Aim of the exercise >> When you reproduce the listing, keep every word as it is and drop the pictures.

Source material >>

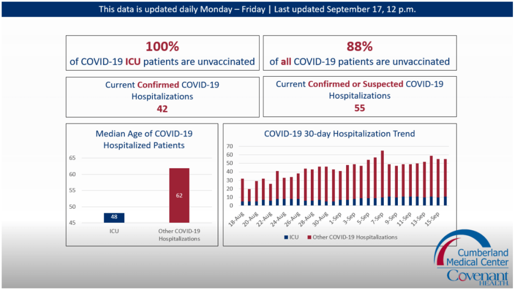 CMC and Covenant released a dashboard with information about current COVID-19 patients. You can see from the graphic that 100% of all COVID-19 ICU patients at CMC are unvaccinated, and 88% of all COVID-19 patients at CMC are unvaccinated. Currently there are 55 confirmed or suspected COVID-19 hospitalizations at CMC. At CMC, the median age of those in the ICU is 48 and the median age of all COVID-19 hospitalizations is 62.
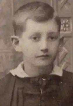 William Harrison Hays Sr. was born November 5, 1879, in Sullivan, Indiana, to Presbyterians[3] John Tennyson and Mary (née Cain) Hays.[4] The family's origins lay within various regions of the British Isles, one of which was Isle of Man, from which his maternal side had came. He recounted his home as having been "religious"—although "in no sense puritanical or severe"—providing "spiritual 'air conditioning' in which it was a joy to live." He was close to his maternal grandparents, William Henry and Nancy Duncan, whose lives extended to his years in college.[5]
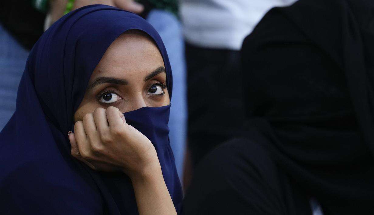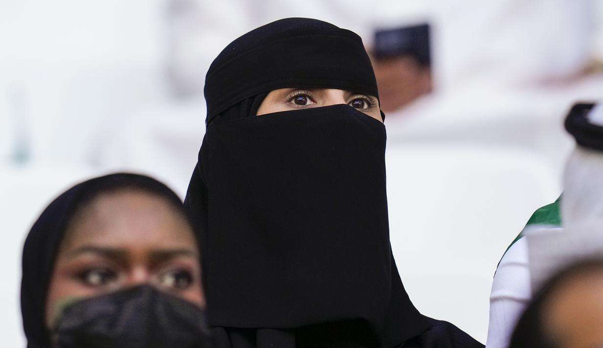 Para fans wanita Arab Saudi meramaikan pertandingan grup C Piala Dunia antara Polandia dan Arab Saudi, di Education City Stadium di Al Rayyan, Qatar, Sabtu, 26 November 2022.

Solution for this task >>
 CMC and Covenant released a dashboard with information about current COVID-19 patients. You can see from the graphic that 100% of all COVID-19 ICU patients at CMC are unvaccinated, and 88% of all COVID-19 patients at CMC are unvaccinated. Currently there are 55 confirmed or suspected COVID-19 hospitalizations at CMC. At CMC, the median age of those in the ICU is 48 and the median age of all COVID-19 hospitalizations is 62.
 William Harrison Hays Sr. was born November 5, 1879, in Sullivan, Indiana, to Presbyterians[3] John Tennyson and Mary (née Cain) Hays.[4] The family's origins lay within various regions of the British Isles, one of which was Isle of Man, from which his maternal side had came. He recounted his home as having been "religious"—although "in no sense puritanical or severe"—providing "spiritual 'air conditioning' in which it was a joy to live." He was close to his maternal grandparents, William Henry and Nancy Duncan, whose lives extended to his years in college.[5]
 Para fans wanita Arab Saudi meramaikan pertandingan grup C Piala Dunia antara Polandia dan Arab Saudi, di Education City Stadium di Al Rayyan, Qatar, Sabtu, 26 November 2022.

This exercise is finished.